My Life As a Border Collie
My Life as a Border Collie: Freedom from Codependency (Central Recovery Press, 2012) takes a serious and fun look at twelve behaviors associated with codependency. The book began by Johnston noticing behaviors in Daisy, her border collie mix, that resemble the behaviors associated with codependency which she had been working to moderate through her recovery. “Daily I am struck by our tendencies to attend to others, to herd, to over-react.”
This book examines specific behaviors associated with codependency rather than the broader concept of codependency. Looking at behaviors associated with codependency - such as helping, giving, serving, and pleasing - on a continuum from "okay" to "going too far" invites the individual to see that behaviors associated with codependency are not necessarily bad. We can just carry them too far. The too far end of the continuum is where rigidity, compulsivity, and addiction set in. Recovery of self is then necessary in order to balance self in relationship to other(s) and improve total health.

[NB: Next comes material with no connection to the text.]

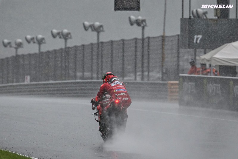 Franceso Bagnaia : « Oui, c’était assez difficile. J’ai fait un très bon flag to flag, mais ensuite je me suis retrouvé coincé avec le limiteur pour la pit lane et j’ai perdu 3-4 positions dès le début. Mais je comprenais bien la situation, je contrôlais beaucoup l’accélérateur en sortie de virage pour ne pas trop user le pneu arrière, et j’espérais faire plus de tours pour rattraper Jorge, parce que j’essayais de gagner tour après tour sans trop forcer. Et rien : quand j’ai vu le drapeau rouge, j’ai compris que c’était le bon moment parce que c’était très, très risqué. L’aquaplaning commençait à devenir trop important, c’était la bonne décision. Mais malheureusement, nous n’avons pas eu le temps de terminer la course, parce que je pense qu’avec la gestion des pneus arrière, j’étais assez compétitif dans la dernière partie de la course. »

My Life as a Border Collie examines twelve identified behaviors associated with codependency on this continuum from “okay” to “going too far":
Smart: I can learn new tricks.
Devoted: All I want to do is watch you.
Hard-Working: Keep me busy! Keep me busy!
Serving: Is there anything I can do for you?
Pleasing: I want to be good.
Sensitive: Please don’t be mad with me.
Compliant: I want what you want.
Herding: What’s everyone doing? Are you all ok?
Reactive: Woof! Woof! What’s going on?
Determined: I know you want me to stop, but I don’t want to.
Delighted: I can be quite pleased with little things.
Big Hearted: I love you dearly and will follow you anywhere
The book offers a chapter on each of these twelve behaviors with Tales Told about Johnston and Daisy as well as Lessons Learned from those Tales. Through the Tales, the reader can see the range of each behavior from "okay" to "too far", and through the Lessons, they are offered a number of ways to moderate their own behaviors so as to not go too far and lose themselves in someone else.
Learning to notice and moderate our behaviors associated with codependency is a dynamic, on-going process. “In the same way that we actively re-establish our balance in numerous ways over the course of a day - for example with eating or exercise or work - so must us border collies learn to moderate the extent to which we are driven by things outside of our self and then give our very self away.”